Sep 4, 2015

Research Adventure with ENCODE Data

At NYU, first-year PhD students in the Sackler Institute start their first semester with a week-long full-time "Research Adventure" workshop.  I was asked (at short notice) to mentor a group of students for something in Bionformatics. Since I had recently attended the 2015 ENCODE Users Meeting, I decided to make the workshop all about working with ENCODE data.

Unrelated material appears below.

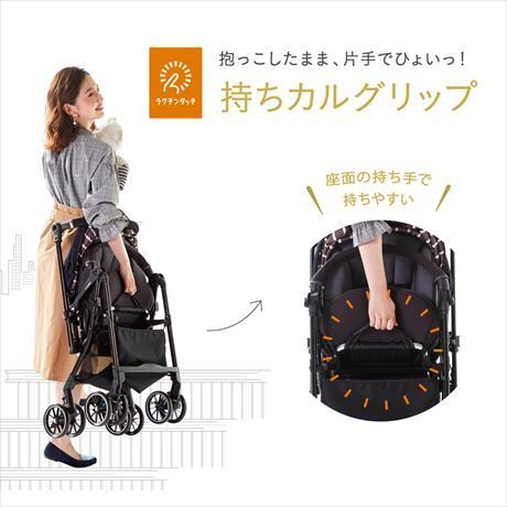 出典:www.combi.co.jp重さ5.1kgの軽さに加えて、ベビーカーを持ち上げるときに便利なのが座面裏の「持ちカルグリップ」。
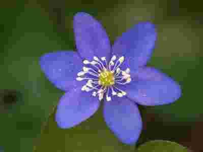 Niebiesko-fioletowe kwiaty pojawiają się wczesną wiosną na szypułkach wysokości 10 cm, zanim rozwiną się liście. Kwitnie od marca do maja. Pojedyncze kwiaty podparte są trzema niewielkimi, złączonymi listkami tworzącymi pozorny kielich. Listki te nie opadają, nawet podczas dojrzewania owoców. Okwiat przeważnie złożony z 5–6 płatków, chociaż może ich być nawet 15. Kwiat ma wiele spiralnie ustawionych słupków i pręcików. Kwitnie od marca do maja. W czasie deszczowej pogody, oraz na noc kwiaty zamykają się.

I included tutorials about access to ENCODE data, an Intro to Linux for complete computing novices (quite a few of our students), Genomic Intervals in the UCSC Genome Browser, use of BEDTools to compare genomic intervals for various factors, and an a tutorial in R for data display. Later in the week we looked at gene expression with RNA-seq using TopHat and Cufflinks. The general plan for the 5-day workshop (for 6 students) was as follows:

9-11:00 am          Lecture (2 hr): Introduction to Gene Regulation and Epigenetics
11-12:00 am        Lecture (1 hr): Use of the HighPerformance Computing Cluster
12:00-2 pm          Working Lunch with HPC System Manager (2 hr): Set up HPC account for each student, practice Linux commands, move files from laptop to HPC account
2-4 pm                  Exercise 1: Tutorials for Accessing ENCODE data through the ENCODEPortal, UCSC Genome Browser and ENSEMBL Browser

9-11:00 am          Lecture & Demo: (2 hr): The UCSC Genome Browser, BED file format, and BEDTools software
11-12:00 am        Exercise 2: BEDTools Tutorial
12-1:00 pm          Lunch
1-3:00 pm            Exercise 3: Use of ENCODE Data and BEDTools to compute the Intersection of DNAse hypersensitive sites with promoters of all RefSeq genes

9-10:30 am          Lecture: Computing Gene Expression with RNA-Seq (1.5 hr)
10:30-12 am        Exercise 4: Align ENCODE RNA-seq data to hg19 reference genome with TopHat
12-1:00 pm          Lunch
1-4 pm                  Continue work on Exercise 4

9-10:00 am          Lecture (1 hr): Intro to data visualization with R
10-12:00 am       Exercise 5: TryRCodeschool tutorial.
12-1:00 pm          Lunch
1-2:00 pm            Lecture (1 hr): Differential Gene Expression with Cufflinks
2-4:00 pm            Planning for Research Project – choose ENCODE data for transcription factors, gene expression, and epigenetic markers. Literature search.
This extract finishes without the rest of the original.